(Action item): Working from the top of the listing below, retype each line through the line containing "Az Aranyvölgyi út", both included, with no pictures.

(Supplied information):
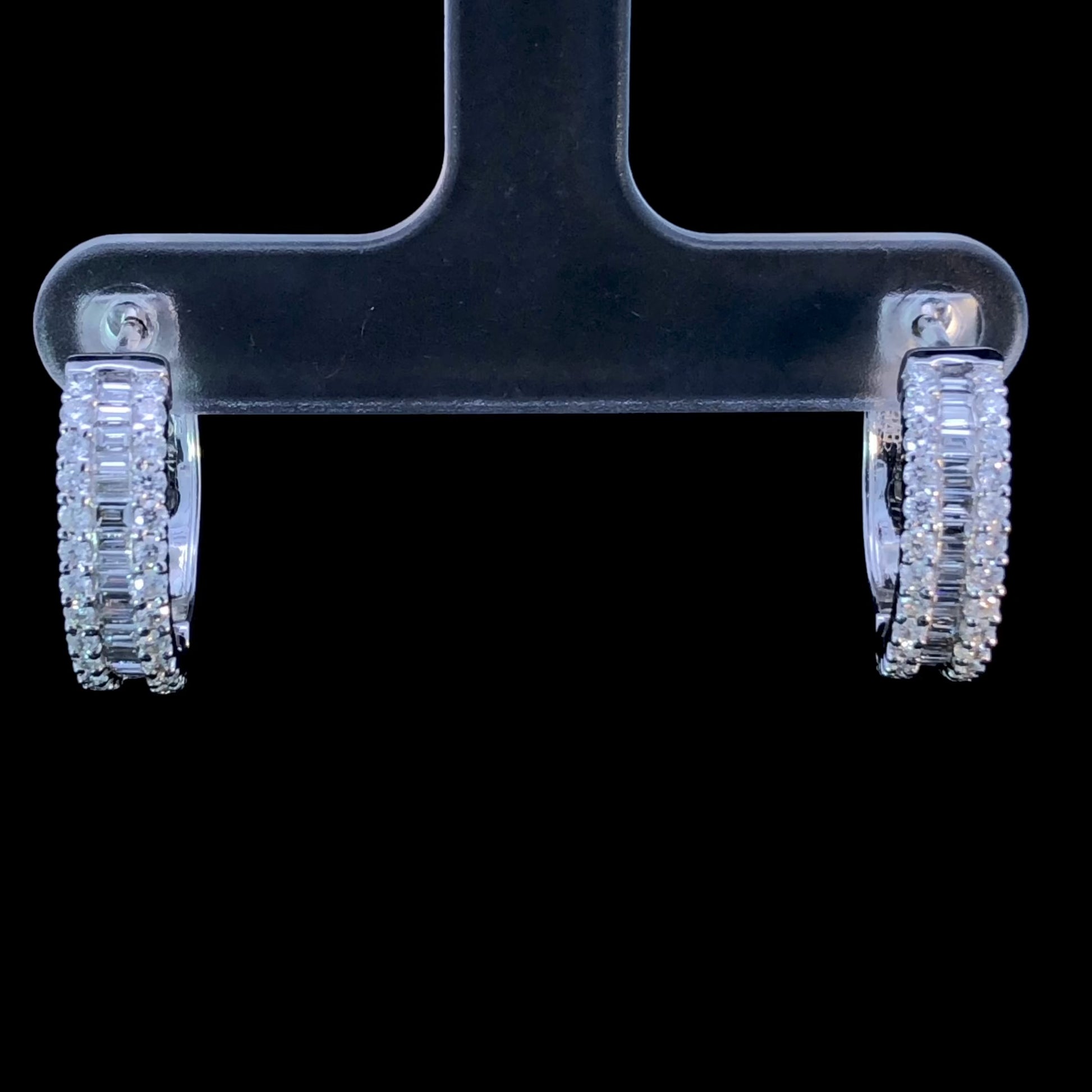 Make a sparkling statement of style with these dazzling 1.03ctw diamond hoop earrings. Crafted with a beautiful mix of baguette and round diamonds, set in classic 14kt white gold, these elegant earrings will be the perfect finishing touch to any ensemble.
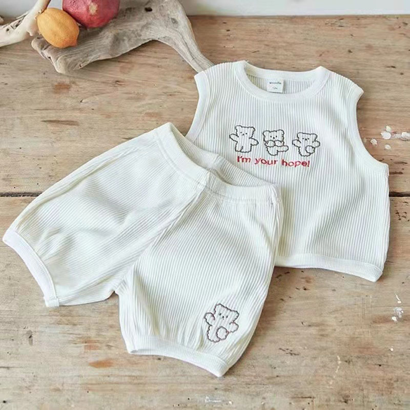 韓国版ins乳幼児かわいい洋気熊セット夏の新型赤ちゃんノースリーブベストパンツ2点セット
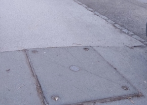 Az Aranyvölgyi út Apáczai utca kereszteződésénél kilyukadt az akna fedlapja. Ez így balesetveszélyes.
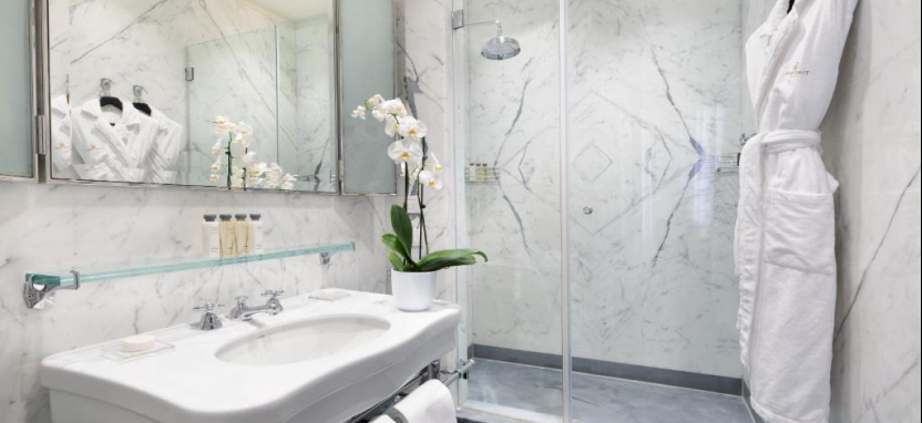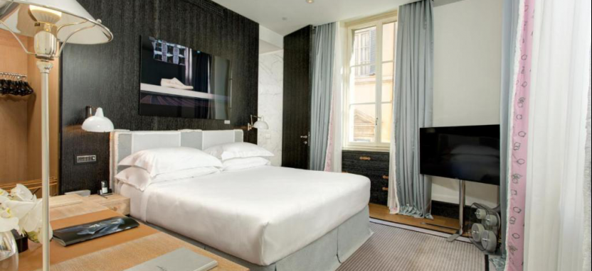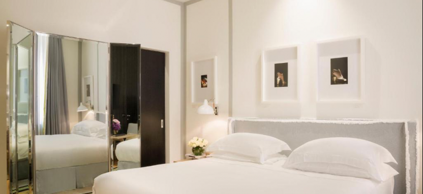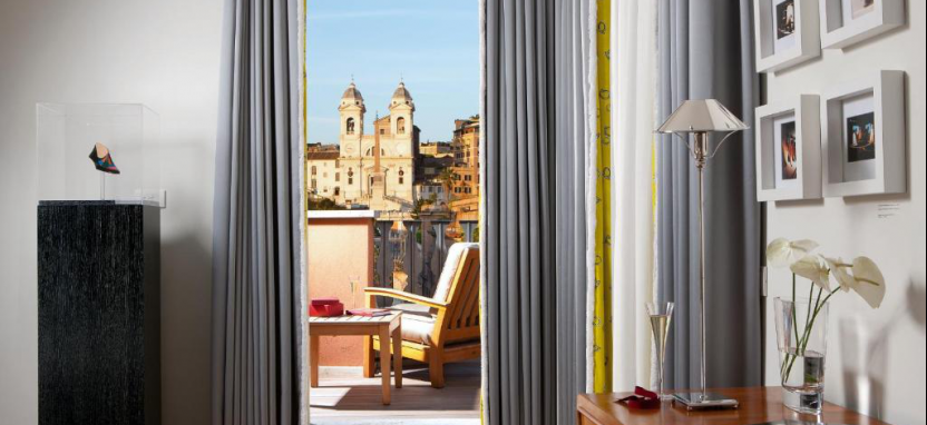 Junior Suite 3 pax (46 кв. м) - просторные сюиты, в оформлении которых были использованы деликатные оттенки серого, шёлк и кожа особой выделки, вид на город, отдельная очаровательная гостиная с диваном, небольшая встроенная кухня, элегантная спальня с двуспальной кроватью, ванная комната из белого мрамора, в одном из сюитов данной категории есть небольшой балкон, который выходит на знаменитую торговую улицу Виа Кондотти, в другом сюите данной категории есть великолепная мраморная ванна и сауна.

(Written answer):
 Make a sparkling statement of style with these dazzling 1.03ctw diamond hoop earrings. Crafted with a beautiful mix of baguette and round diamonds, set in classic 14kt white gold, these elegant earrings will be the perfect finishing touch to any ensemble.
 韓国版ins乳幼児かわいい洋気熊セット夏の新型赤ちゃんノースリーブベストパンツ2点セット
 Az Aranyvölgyi út Apáczai utca kereszteződésénél kilyukadt az akna fedlapja. Ez így balesetveszélyes.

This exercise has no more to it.